These data can also be compared to laser Doppler vibrometry (LDV) of the tympanic membrane. Our data from this subject fall within the range observed by Whittemore et al. [36], with velocity re stimulus pressure being ∼0.1 at low frequencies and reaching ∼0.3 to 0.4 at higher frequencies (Whittemore et al. only went up to 6 kHz). They also had a few subjects with phases that accumulated > 1 cycle from 0.3-6 kHz, similar to what we observed in this ear over the same frequency range.
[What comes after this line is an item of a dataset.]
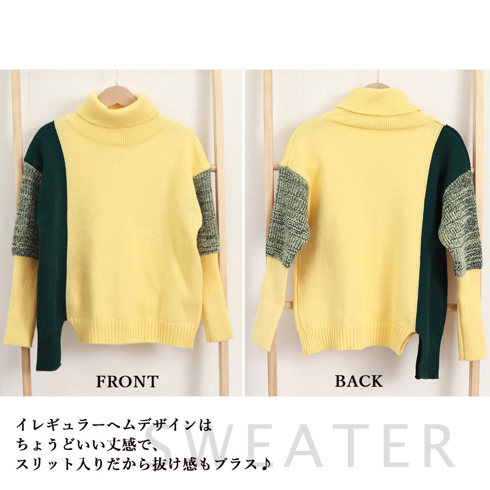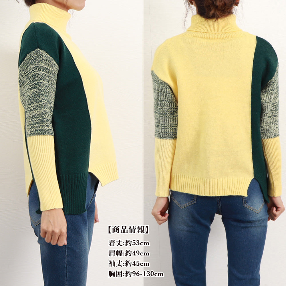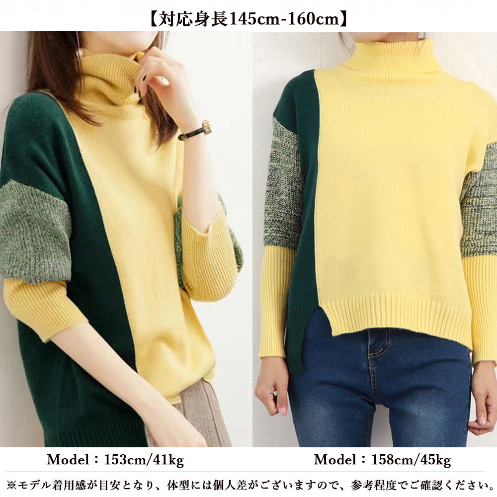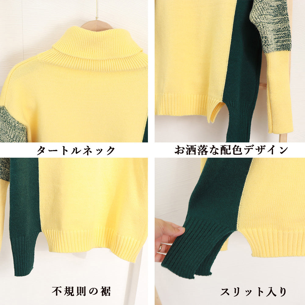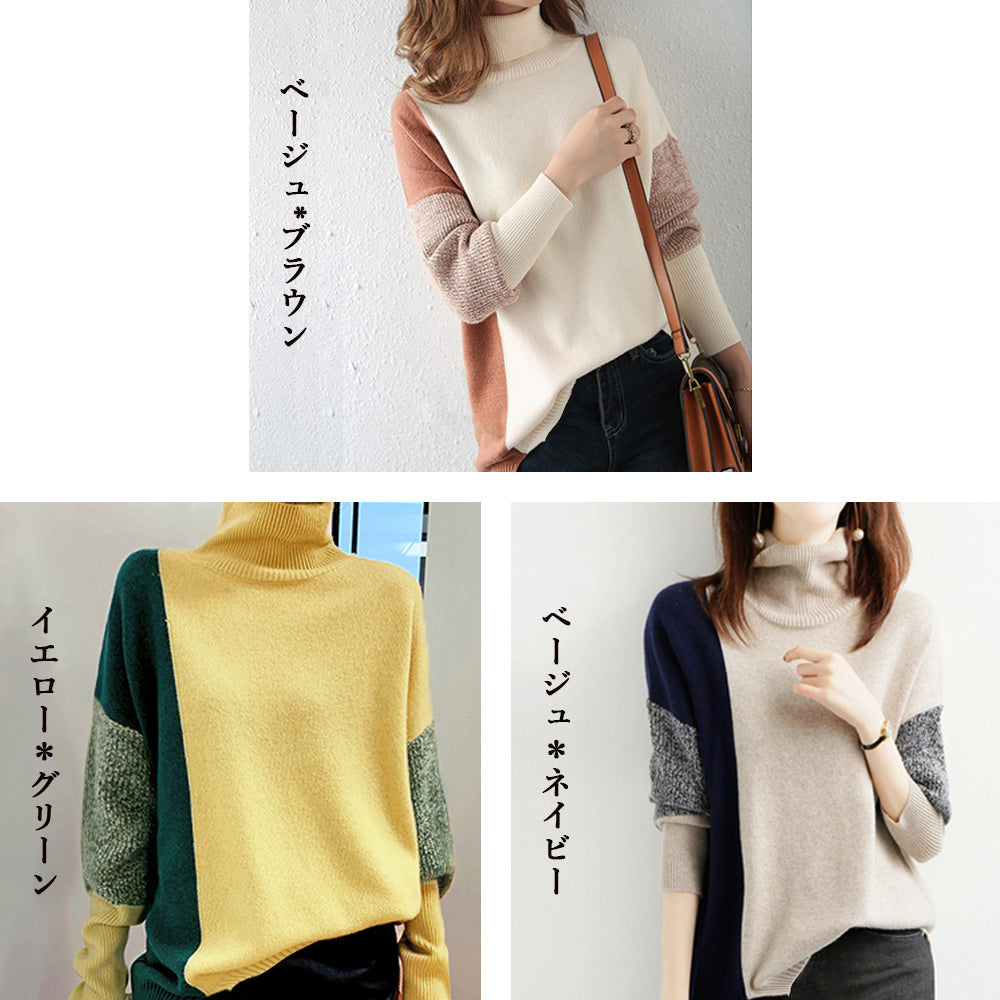配色 タートルネック ニット レディース 秋冬 ハイネック 長袖ニットトップス スリット入り ニットセーター

The three stimulus levels appear to map similar features in the vibratory response; hence the measurements appear to be largely redundant. Likewise, the response in this healthy volunteer looks similar at both the umbo and cone-of-light. Based on these observations, in the second approach, Fig. 4, we used a single chirped stimulus at one level, ∼78 dB SPL, on the same healthy volunteer at the cone-of-light. The advantage of the chirp is that we can measure the vibratory response at a much higher frequency resolution, hence more clearly mapping the features in the vibratory response. This is particularly evident at frequencies below 5 kHz where the response appears to oscillate more than was evident in the discrete tone measurement, i.e. compare Fig. 3(e) second row to Fig. 4(b). Qualitatively, larger features are reproduced as well, although there appears to be small differences, perhaps due to the fact that the measurements were done on different days and likely at slightly different positions on the TM.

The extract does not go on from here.